The Companys business plan is to seek an acquisition or merger with a private operating company which offers an opportunity for growth and possible appreciation of our stockholders investment in the then issued and outstanding common stock. However, there is no assurance that the Company will be able to successfully consummate an acquisition or merger with a private operating company or, if successful, that any acquisition or merger will result in the appreciation of our stockholders investment in the then outstanding common stock.
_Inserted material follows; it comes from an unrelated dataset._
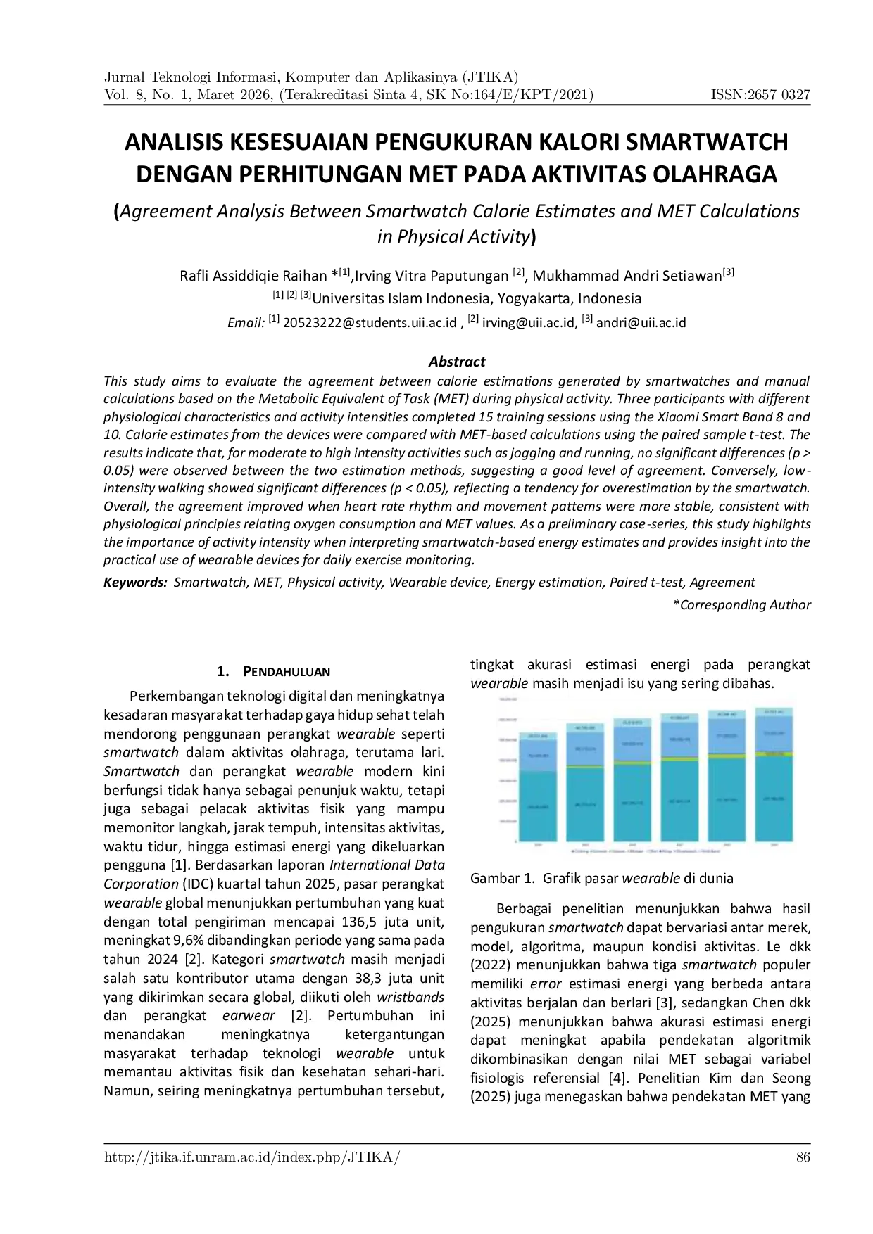 Jurnal Teknologi Informasi, Komputer, dan Aplikasinya (JTIKA )Jurnal Teknologi Informasi, Komputer, dan Aplikasinya (JTIKA )Penelitian ini bertujuan untuk mengevaluasi kesesuaian antara estimasi kalori yang dihasilkan oleh smartwatch dan perhitungan manual berbasis Metabolic Equivalent of Task (MET) selama aktivitas fisik. Tiga partisipan dengan karakteristik fisiologis dan intensitas aktivitas yang berbeda melakukan 15 sesi latihan menggunakan Xiaomi Smart Band 8 dan 10. Estimasi kalori dari perangkat dibandingkan dengan perhitungan berbasis MET menggunakan uji t berpasangan. Hasil menunjukkan bahwa untuk aktivitas intensitas sedang hingga tinggi seperti joging dan lari, tidak terdapat perbedaan signifikan (p > 0,05) antara kedua metode, menunjukkan tingkat kesesuaian yang baik. Sebaliknya, aktivitas berjalan intensitas rendah menunjukkan perbedaan signifikan (p < 0,05), mencerminkan kecenderungan overestimasi oleh smartwatch. Secara keseluruhan, kesesuaian meningkat ketika irama detak jantung dan pola gerakan lebih stabil, sesuai dengan prinsip fisiologis yang menghubungkan konsumsi oksigen dan nilai MET. Sebagai studi kasus awal, penelitian ini menyoroti pentingnya intensitas aktivitas dalam menafsirkan estimasi energi berbasis smartwatch serta memberikan wawasan mengenai pemanfaatan perangkat wearable untuk pemantauan olahraga harian.

The Plan provides that all costs and expenses associated with or related to our reincorporation in the State of Nevada, any subsequent mergers or business combination transactions, issuance of the Plan Shares, any filings with the U. S. Securities and Exchange Commission or other regulatory bodies, our operating expenses (including circumstantial use of office equipment and administrative services), in addition to providing assistance with formulating the structure of any proposed business combination transaction is the responsibility of Halter Financial Group, L. P. (HFG), an entity controlled by the Companys sole officer and director and the Companys controlling stockholder. The Plan also states that HFG is not entitled to receive any repayment of such expenses prior to, or as a condition of, a merger or acquisition. However, the Company is at the mercy of future economic trends and business operations for the Companys majority stockholder to have the resources available to support the Company. Should HFG fail in its obligation to provide working capital, the Company has not identified any alternative sources to support the Company.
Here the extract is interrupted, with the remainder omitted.